We derived the lymphoma cell lines OCI-Ly 13.1 and OCI-Ly 13.2 from a
patient with non-Hodgkin's lymphoma at the time of presentation and during
chemotherapy-resistant relapse. These lines were of T-cell phenotype and
contained the identical T-cell receptor beta-chain rearrangement,
indicating that both lines were members of the same malignant clone. The
lines differed in their growth characteristics; OCI-Ly 13.1 grew slowly and
required growth factors for colony formation, whereas OCI-Ly 13.2 grew
rapidly and formed colonies without addition of growth factors. To test
whether or not these biologic differences were associated with specific
genetic changes, we evaluated the status of the c-myc and p53 genes of both
cell lines.

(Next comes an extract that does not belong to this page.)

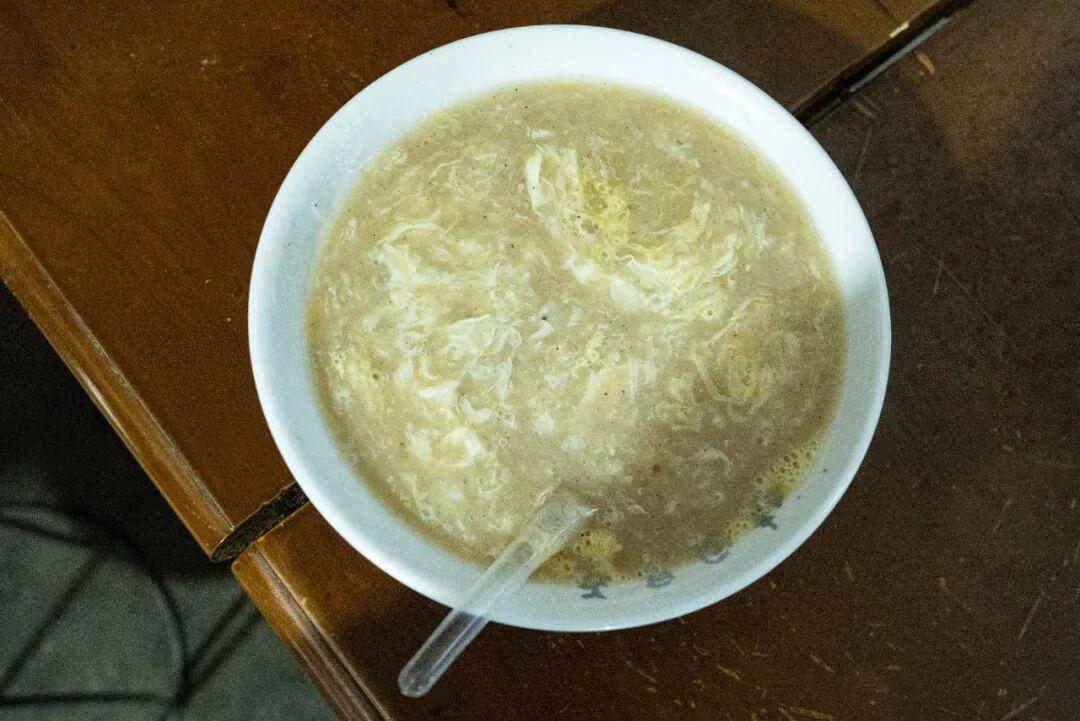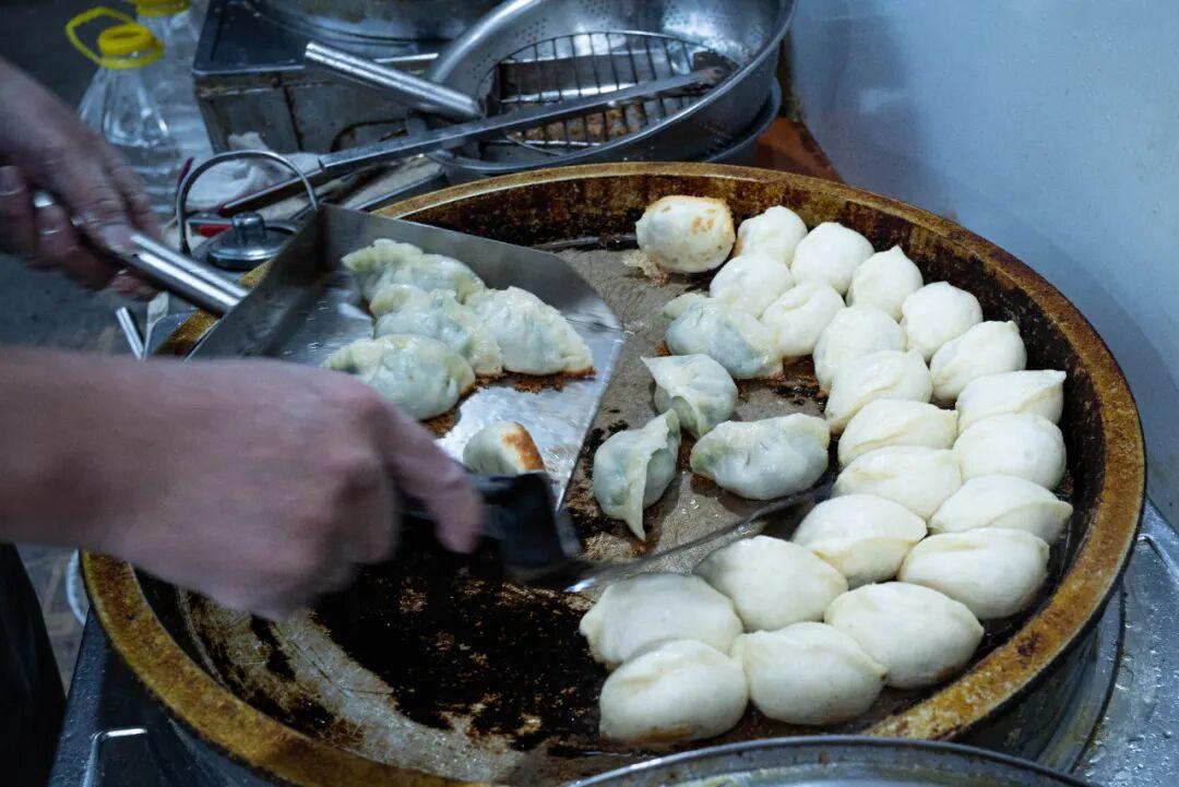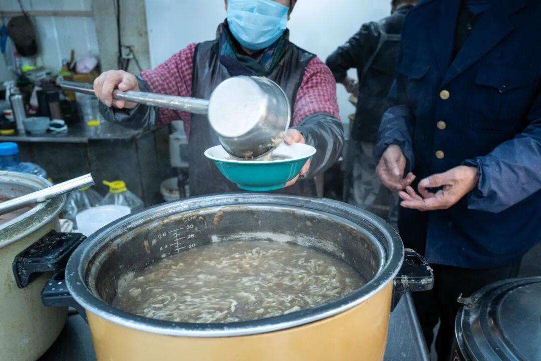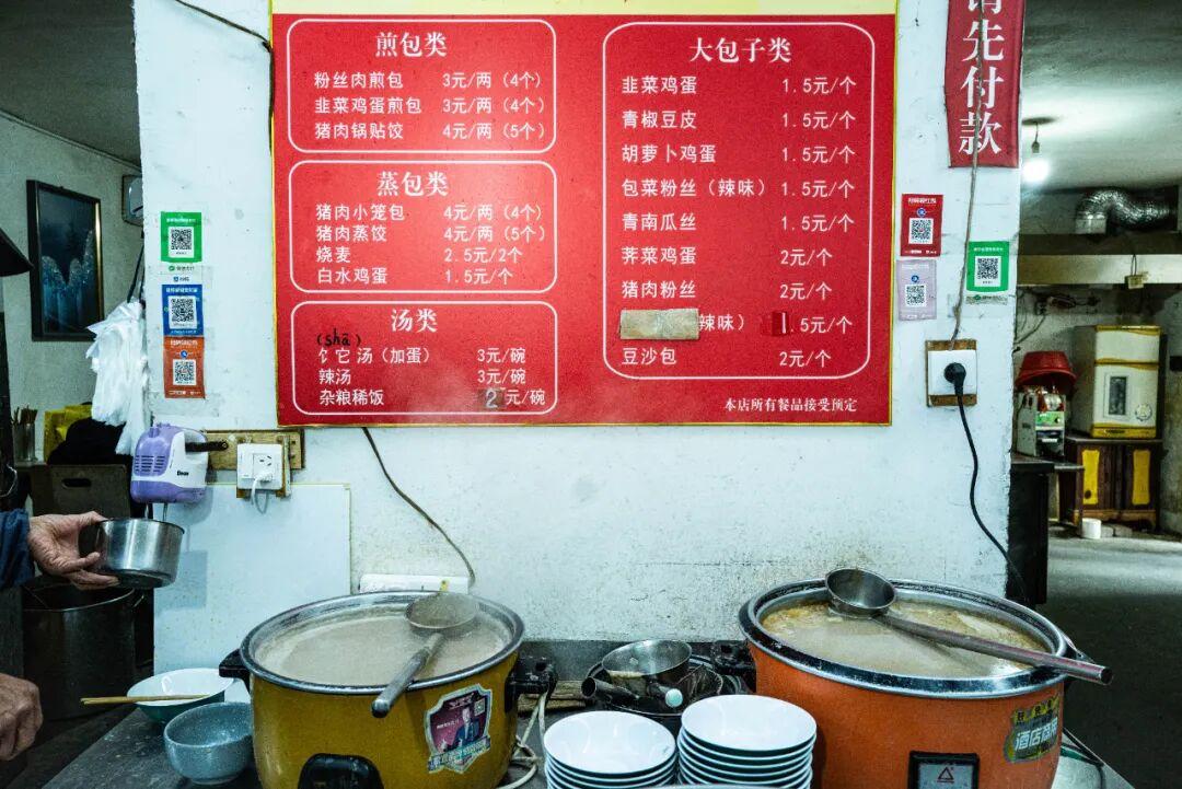 早餐店開在當地的老居民樓底下,只做早餐,每日食客不斷。這種社區飯館的好處就是煙火氣滿滿,湯現熬現打,麪點現包現煎,樸實無華的功夫下一點不整預製菜。

The p53 and c- myc genes of OCI-Ly 13.1 were in germline
configuration and produced normal-sized transcripts. The p53 protein
expressed in OCI-Ly 13.1 was recognized by the anti-p53 monoclonal
antibody, PAb240, indicating a conformation typical of p53 proteins
expressed by p53 alleles containing a missense mutation. However,
sequencing studies of the entire p53 coding region did not reveal any point
mutations. In contrast, the cell line OCI-Ly 13.2 contained structural
abnormalities of both the c-myc and p53 genes. In addition, one of the p53
alleles was lost as determined by a cDNA probe for the p53 gene (17p 13.1)
and the YNZ22.1 probe (17p 13.3). These changes resulted in the absence of
p53 protein and mRNA in OCI-Ly 13.2 as detected by immunoprecipitation and
Northern blot analysis, respectively. They may be a reflection of disease
progression and may be associated with the altered behavior of the
malignant cell population within the patient and in vitro.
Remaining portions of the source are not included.